In the meantime, if you need more data from the test system for any
particular workload, please do let me know. I will collect the per-task
and system-wide schedstat data for the workload as it is rather
inexpensive to collect and gives good insights but if you need any
other data, I'll be more than happy to get those too for analysis.

--
Thanks and Regards,
Prateek

K Prateek Nayak March 22, 2023, 9:38 a.m. UTC | #5

Hello Peter,

One important detail I forgot to mention: When I picked eevdf commits
from your tree
(https://git.kernel.org/pub/scm/linux/kernel/git/tip/tip.git/log/?h=sched/core),
they were based on v6.3-rc1 with the sched/eevdf HEAD at:

commit: 0dddbc0b54ad ("sched/fair: Implement an EEVDF like policy")

On 3/22/2023 12:19 PM, K Prateek Nayak wrote:
> Hello Peter,
> 
> Leaving some results from my testing on a dual socket Zen3 machine
> (2 x 64C/128T) below.
> 
> tl;dr
> 
> o I've not tested workloads with nice and latency nice yet focusing more
>   on the out of the box performance. No changes to sched_feat were made
>   for the same reason. 
> 
> o Except for hackbench (m:n communication relationship), I do not see any
>   regression for other standard benchmarks (mostly 1:1 or 1:n) relation
>   when system is below fully loaded.
> 
> o At fully loaded scenario, schbench seems to be unhappy. Looking at the
>   data from /proc/<pid>/sched for the tasks with schedstats enabled,
>   there is an increase in number of context switches and the total wait
>   sum. When system is overloaded, things flip and the schbench tail
>   latency improves drastically.

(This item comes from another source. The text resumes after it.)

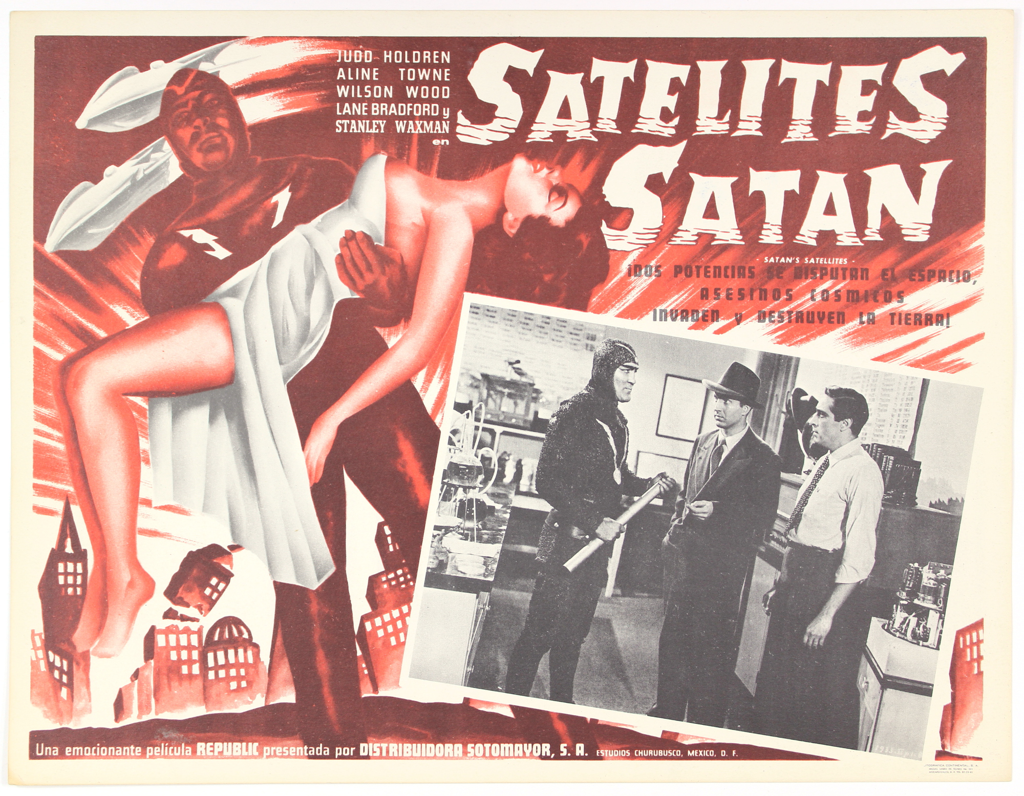 Here's the Mexican lobby card for the feature version of Zombies of the Stratosphere, Satan's Satellites (1958). I fell in love with this movie immediately seeing that cool space outfit Marex (Lane Bradford) is wearing. One of Leonard Nimoy's first screen appearances, as another alien, is to be found here, too.
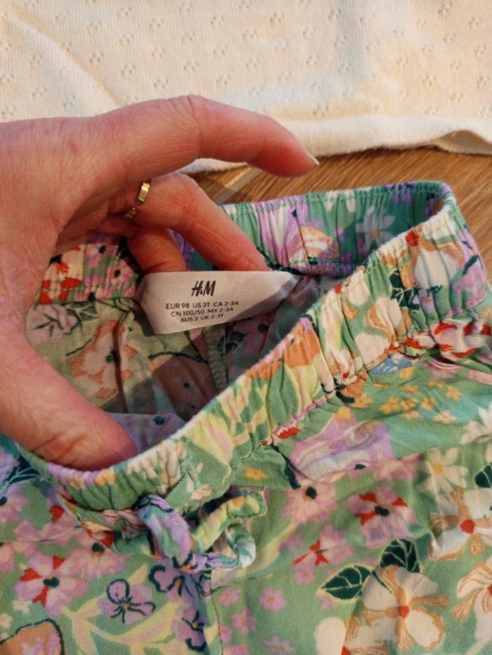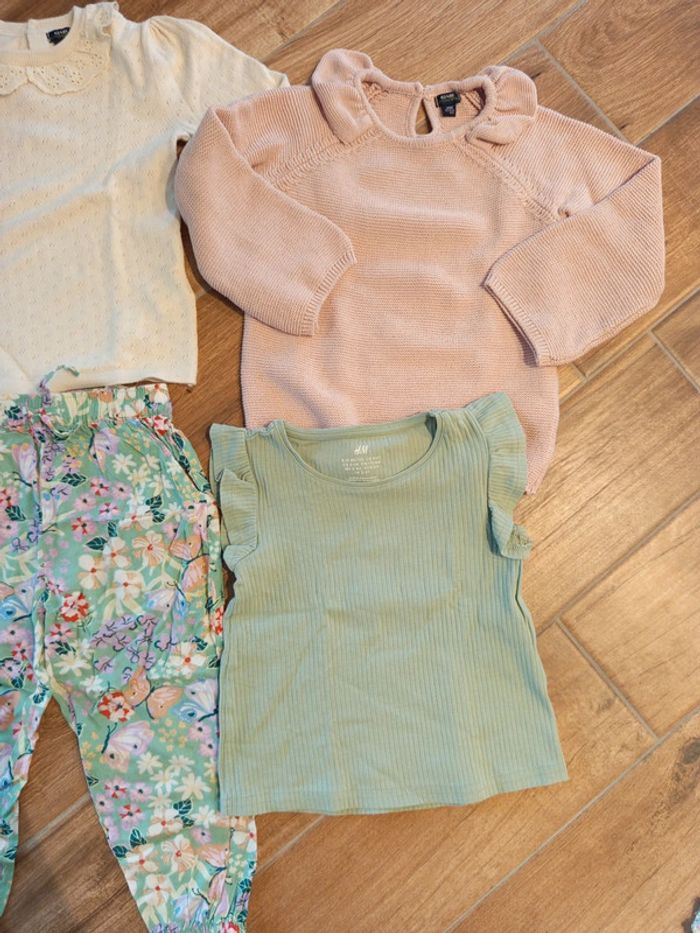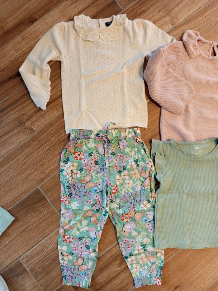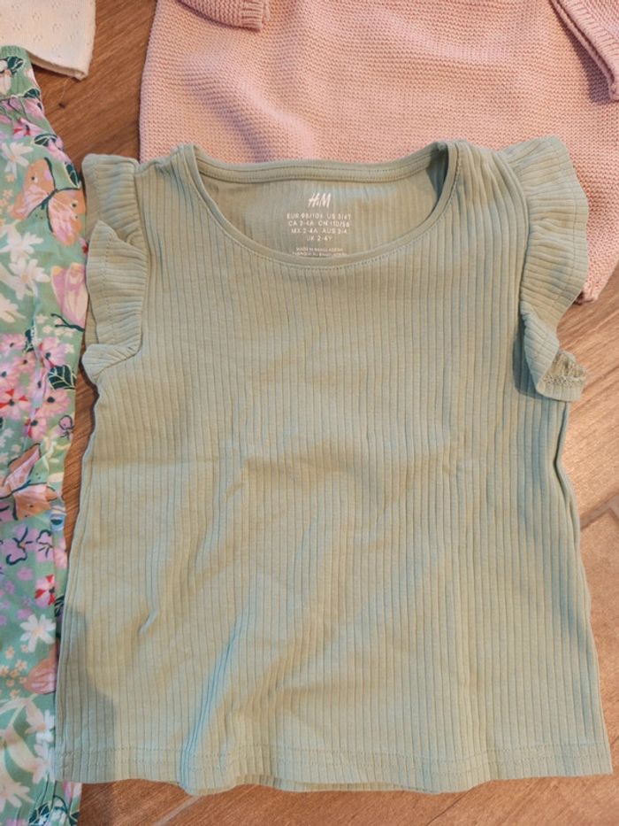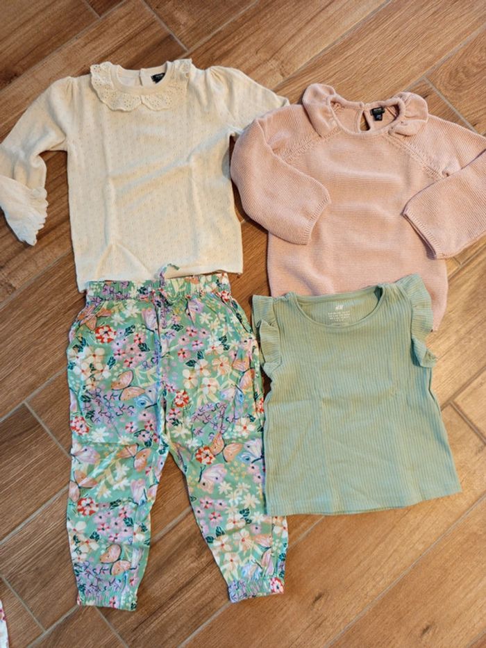 Lot/ensemble 3 ans H&M et Kiabi (convient a un 3/4 ans) Un pantalon fluide sarouel vert d'eau imprimé fleuri Un tee shirt détail volant manches vert d'eau Un pull coton rose col volanté Un pull coton fin écru en pointelle avec col et broderie anglaise et bas des manches dentelé Très bon état du lot

I suspect the involuntary
>   context-switches help workers make progress much sooner after wakeup
>   compared to tip thus leading to lower tail latency.
> 
> o For the same reason as above, tbench throughput takes a hit with
>   number of involuntary context-switches increasing drastically for the
>   tbench server. There is also an increase in wait sum noticed.
> 
> o Couple of real world workloads were also tested. DeathStarBench
>   throughput tanks much more with the updated version in your tree
>   compared to this series as is.
>   SpecJBB Max-jOPS sees large improvements but comes at a cost of
>   drop in Critical-jOPS signifying an increase in either wait time
>   or an increase in involuntary context-switches which can lead to
>   transactions taking longer to complete.
> 
> o Apart from DeathStarBench, the all the trends reported remain same
>   comparing the version in your tree and this series, as is, applied
>   on the same base kernel.
> 
> I'll leave the detailed results below and some limited analysis. 
> 
> On 3/6/2023 6:55 PM, Peter Zijlstra wrote:
>> Hi!
>>
>> Ever since looking at the latency-nice patches, I've wondered if EEVDF would
>> not make more sense, and I did point Vincent at some older patches I had for
>> that (which is here his augmented rbtree thing comes from).
>>
>> Also, since I really dislike the dual tree, I also figured we could dynamically
>> switch between an augmented tree and not (and while I have code for that,
>> that's not included in this posting because with the current results I don't
>> think we actually need this).
>>
>> Anyway, since I'm somewhat under the weather, I spend last week desperately
>> trying to connect a small cluster of neurons in defiance of the snot overlord
>> and bring back the EEVDF patches from the dark crypts where they'd been
>> gathering cobwebs for the past 13 odd years.
>>
>> By friday they worked well enough, and this morning (because obviously I forgot
>> the weekend is ideal to run benchmarks) I ran a bunch of hackbenck, netperf,
>> tbench and sysbench -- there's a bunch of wins and losses, but nothing that
>> indicates a total fail.
>>
>> ( in fact, some of the schbench results seem to indicate EEVDF schedules a lot
>>   more consistent than CFS and has a bunch of latency wins )
>>
>> ( hackbench also doesn't show the augmented tree and generally more expensive
>>   pick to be a loss, in fact it shows a slight win here )
>>
>>
>>   hackbech load + cyclictest --policy other results:
>>
>>
>> 			EEVDF			 CFS
>>
>> 		# Min Latencies: 00053
>>   LNICE(19)	# Avg Latencies: 04350
>> 		# Max Latencies: 76019
>>
>> 		# Min Latencies: 00052		00053
>>   LNICE(0)	# Avg Latencies: 00690		00687
>> 		# Max Latencies: 14145		13913
>>
>> 		# Min Latencies: 00019
>>   LNICE(-19)	# Avg Latencies: 00261
>> 		# Max Latencies: 05642
>>
> 
> Following are the results from testing the series on a dual socket
> Zen3 machine (2 x 64C/128T):
> 
> NPS Modes are used to logically divide single socket into
> multiple NUMA region.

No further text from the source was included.